3. **Standard Deviation Trends**:
- **CCS** consistently has the highest variability (e.g., 12–15 in `cities_conj`, `element_symb_conj`).
- **MM** shows the lowest variability (e.g., ±0 in `cities_conj`, `common_claim_true_false`).
4. **Method Consistency**:
- **MM** performs most consistently across categories (smallest standard deviations).

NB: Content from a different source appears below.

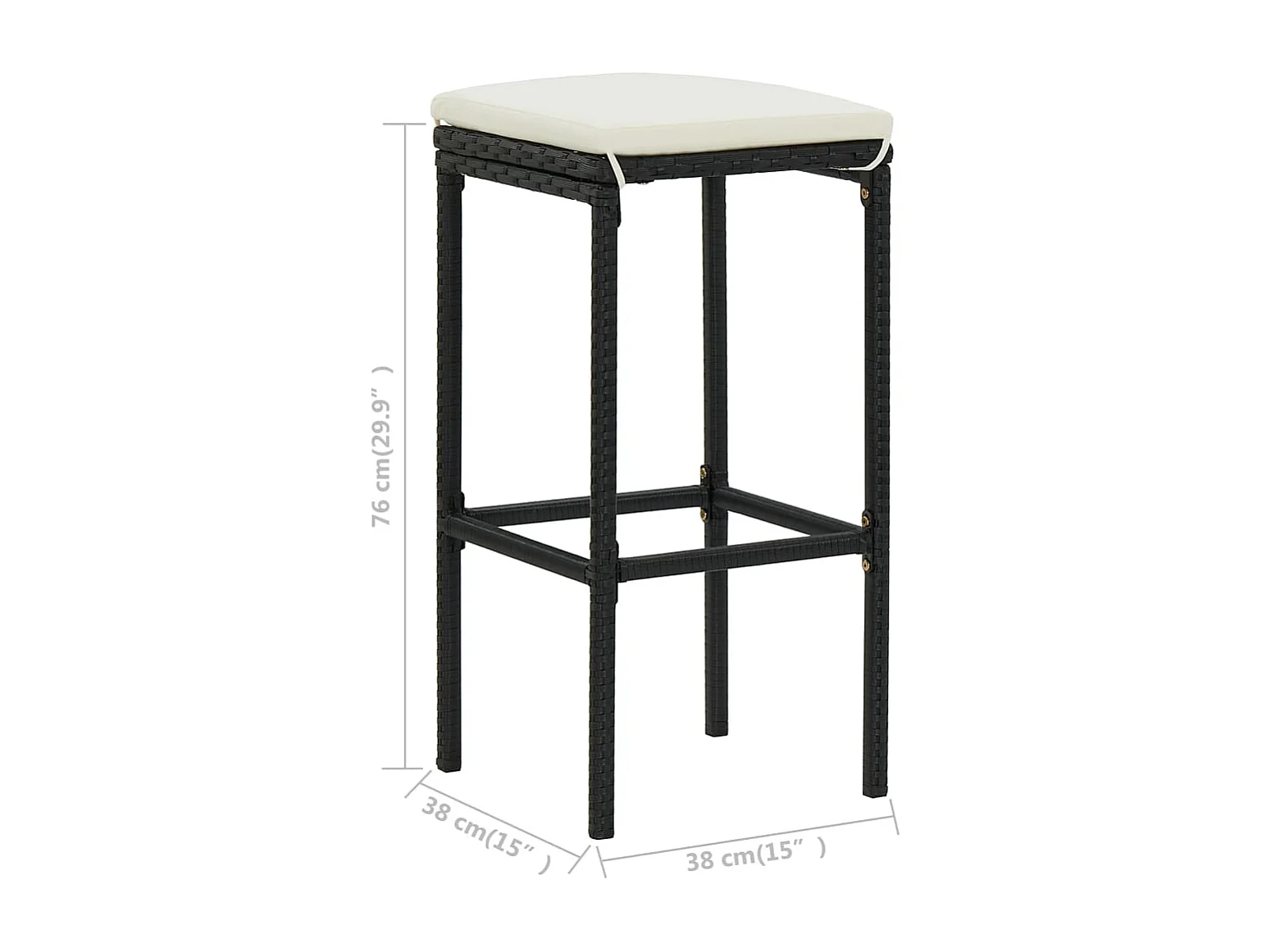 Sgabelli da bar con cuscini, set da 2, neri, resina intrecciata

- **LR** has the highest peak accuracy but also the lowest trough (inventors_disj).
### Interpretation
The heatmap reveals that **LR** achieves the highest accuracy in specific categories (e.g., `sp_en_trans_conj`) but struggles in others (e.g., `inventors_disj`), suggesting it excels in certain linguistic patterns but lacks robustness. **MM** demonstrates the most consistent performance across all categories, with minimal variability (±0–1 in many cases), making it a reliable choice for general use. **TTPD** and **CCS** show moderate performance with higher variability, indicating potential sensitivity to category-specific features. The data underscores the importance of method selection based on the target linguistic category and the trade-off between peak accuracy and consistency.